# [WHAT IS BEING ASKED]
Only the lines below starting at the one that contains "Viva Línea са" and ending at the one that contains "Ernesto Basile (1857-1932), disegno" are to be reproduced, exactly and with both ends kept.

# [TASK INPUT]

"""

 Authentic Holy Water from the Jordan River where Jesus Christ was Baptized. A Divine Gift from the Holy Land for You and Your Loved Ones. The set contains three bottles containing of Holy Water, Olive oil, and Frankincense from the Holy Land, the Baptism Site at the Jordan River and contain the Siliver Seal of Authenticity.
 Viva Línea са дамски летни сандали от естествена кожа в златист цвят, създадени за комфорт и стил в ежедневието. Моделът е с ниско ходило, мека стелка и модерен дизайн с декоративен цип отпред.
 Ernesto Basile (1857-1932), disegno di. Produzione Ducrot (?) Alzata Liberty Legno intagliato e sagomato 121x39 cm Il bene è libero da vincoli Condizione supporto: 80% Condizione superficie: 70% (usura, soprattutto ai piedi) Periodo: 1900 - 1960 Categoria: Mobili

"""
"""

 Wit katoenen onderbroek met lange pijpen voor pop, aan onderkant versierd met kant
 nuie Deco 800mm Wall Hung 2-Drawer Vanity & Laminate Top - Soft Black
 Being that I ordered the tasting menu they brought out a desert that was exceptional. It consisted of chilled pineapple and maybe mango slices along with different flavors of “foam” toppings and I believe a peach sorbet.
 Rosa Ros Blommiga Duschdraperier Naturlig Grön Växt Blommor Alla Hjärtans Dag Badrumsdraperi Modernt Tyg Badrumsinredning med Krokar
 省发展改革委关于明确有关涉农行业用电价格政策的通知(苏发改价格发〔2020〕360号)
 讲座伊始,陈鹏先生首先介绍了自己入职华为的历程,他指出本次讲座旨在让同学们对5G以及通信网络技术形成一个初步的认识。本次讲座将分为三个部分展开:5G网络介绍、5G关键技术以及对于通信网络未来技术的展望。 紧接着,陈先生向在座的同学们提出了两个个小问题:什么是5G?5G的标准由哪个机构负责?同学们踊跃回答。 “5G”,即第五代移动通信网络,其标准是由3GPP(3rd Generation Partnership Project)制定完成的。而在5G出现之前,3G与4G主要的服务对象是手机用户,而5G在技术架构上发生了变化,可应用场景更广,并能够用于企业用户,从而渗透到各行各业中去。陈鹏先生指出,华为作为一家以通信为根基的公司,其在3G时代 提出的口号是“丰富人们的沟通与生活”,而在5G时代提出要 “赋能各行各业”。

"""

# [REPLY TO THE TASK]
 Viva Línea са дамски летни сандали от естествена кожа в златист цвят, създадени за комфорт и стил в ежедневието. Моделът е с ниско ходило, мека стелка и модерен дизайн с декоративен цип отпред.
 Ernesto Basile (1857-1932), disegno di. Produzione Ducrot (?) Alzata Liberty Legno intagliato e sagomato 121x39 cm Il bene è libero da vincoli Condizione supporto: 80% Condizione superficie: 70% (usura, soprattutto ai piedi) Periodo: 1900 - 1960 Categoria: Mobili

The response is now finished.